На лице ректора отразилась заинтересованность.

— Говорите дальше, профессор! Я готов даже прочитать эту книжку. Вероятно, она должна быть интересной…

— Как для кого… — сердито сверкнул глазами профессор. — Так вот, представьте себе, за это изобретение кое-кто хотел озолотить инженера…

— И правильно! — подхватил ректор.

— Но этот инженер не желал продать изобретение…
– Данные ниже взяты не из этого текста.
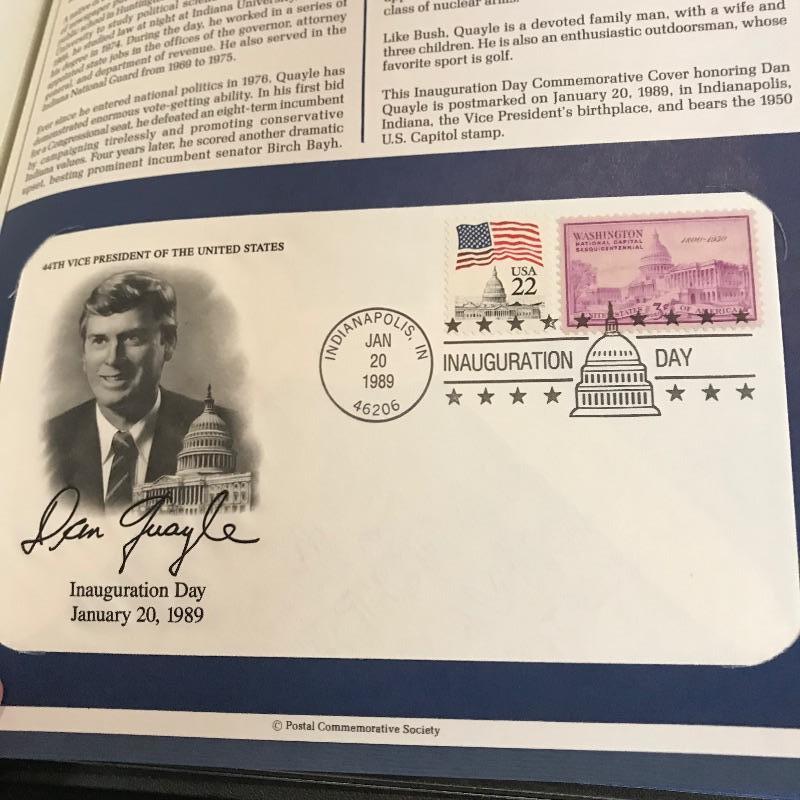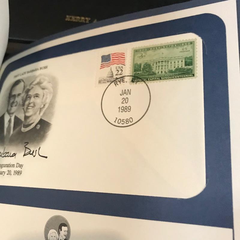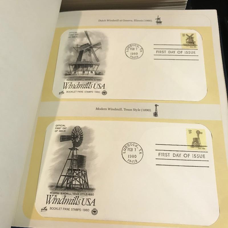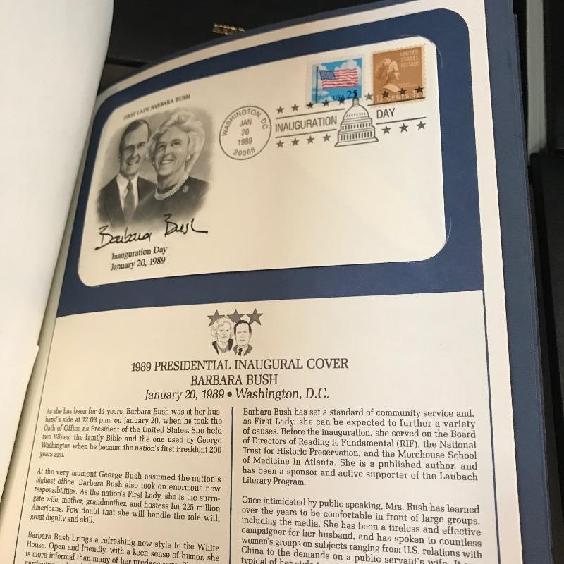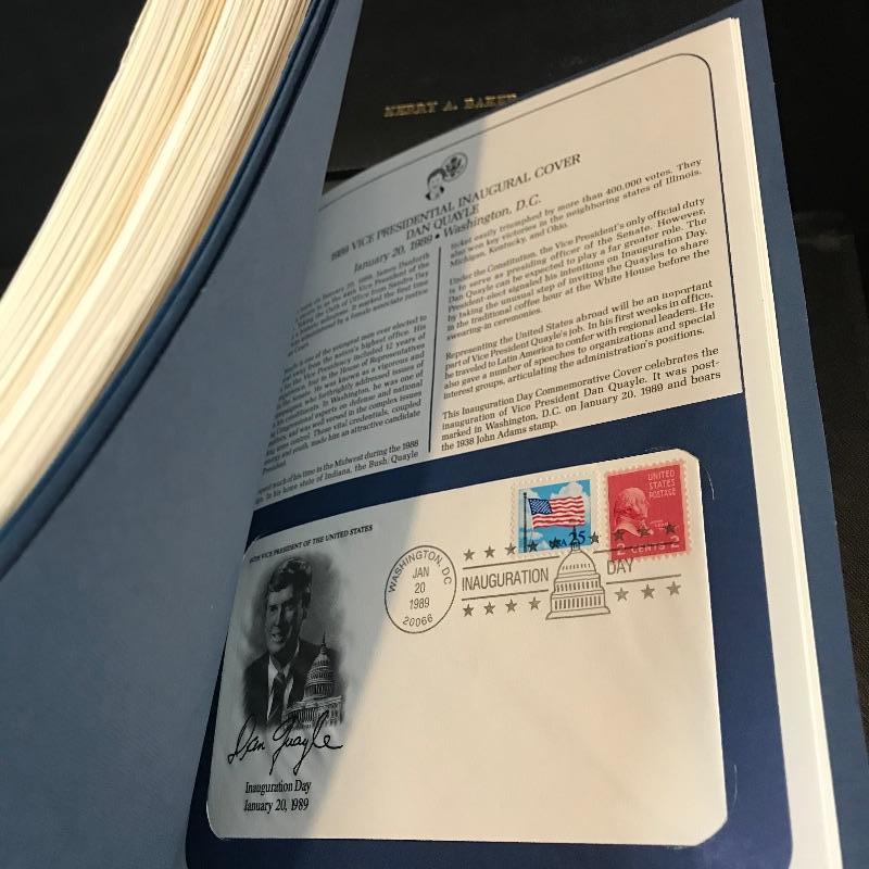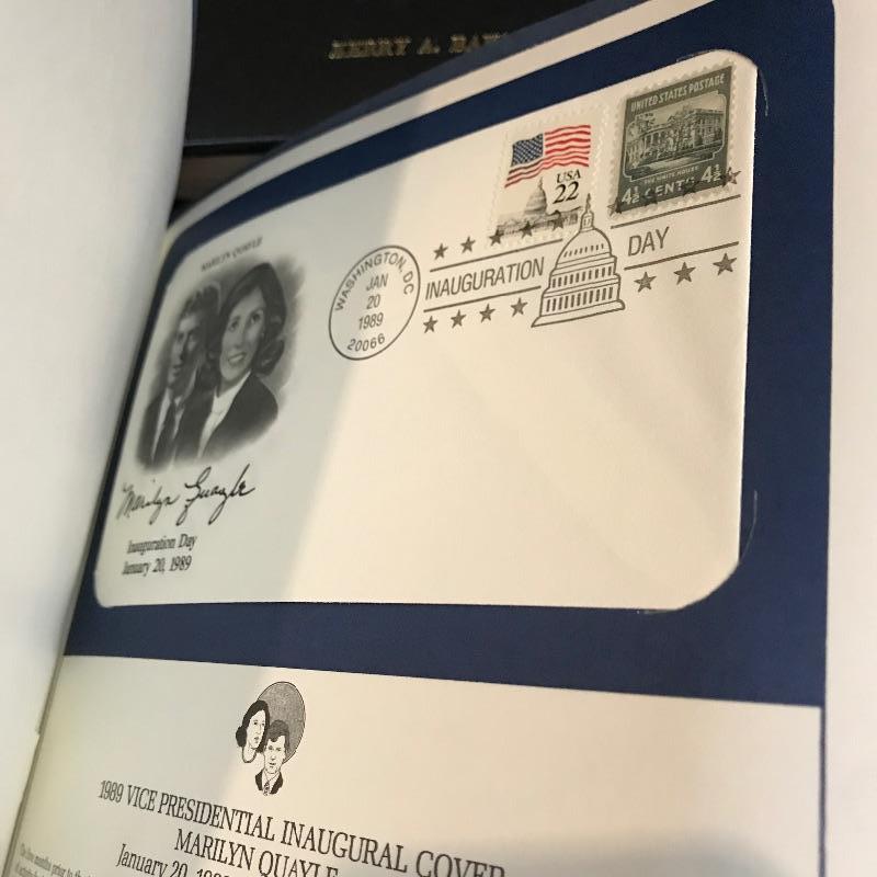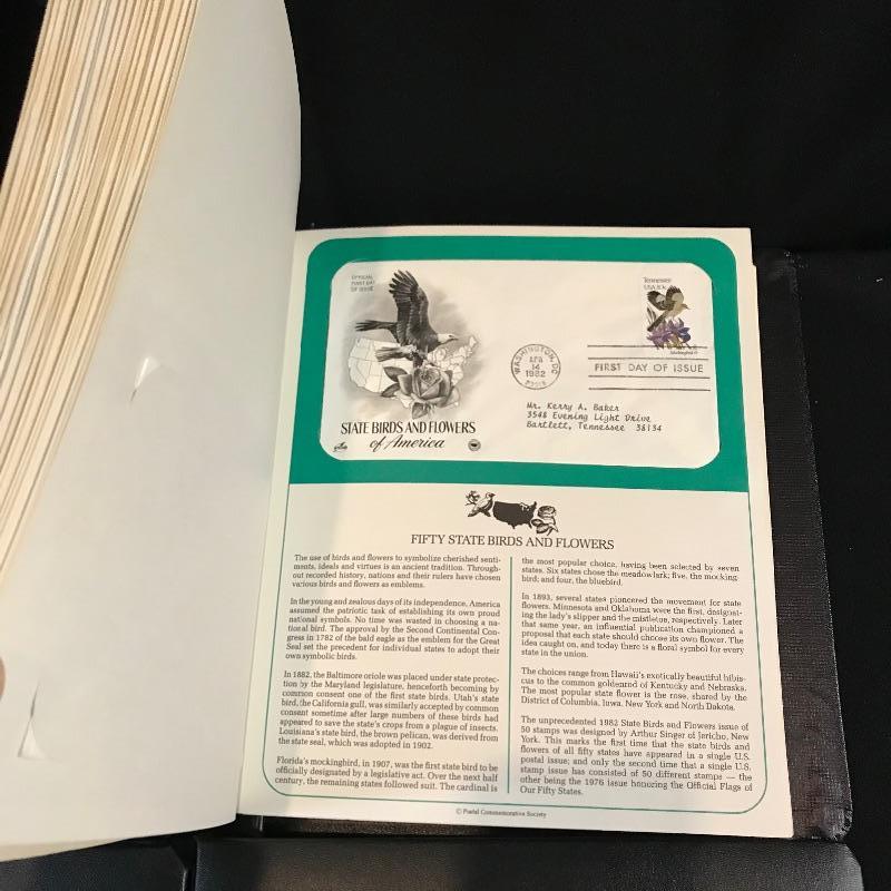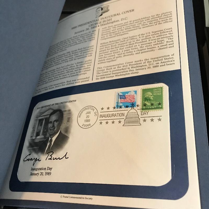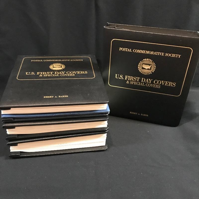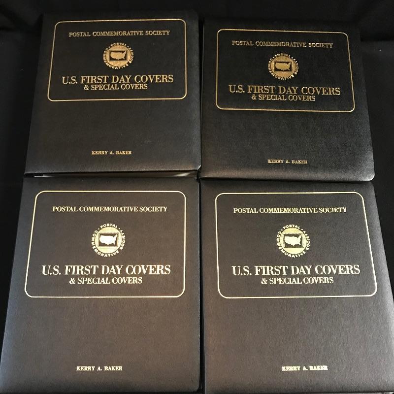 Four matching black binders personalized with special first day covers. Most are collected with full page layout. One binder features George HW Bush and Dan Quayle inaugural 1st day cover collection. Just a few pages are waiting for the stamped, cancelled cachet envelope. Covers include many special US stamps, with just a few international. Genres include presidents, US History, Statehood, Wildlife, Professions and People. The first binder shown in photos appears to be two organized collections from US Presidents (Washington to Reagan) and Wildlife. Most stamps are from 1980s.

— Дурак! — буркнул генерал.

— Согласен с вами, сэр, — усмехнулся профессор и, видя удовлетворение на лице генерала, быстро добавил: — но совершенно с другой точки зрения. Скорее считаю его не дураком, а слепым человеком. Он не умел бороться с преступниками, которые хотели вырвать у него секрет изобретения. Он не видел силы, на которую можно было бы опереться. Хотел все сделать сам… Но мы умнее его. Намного умнее!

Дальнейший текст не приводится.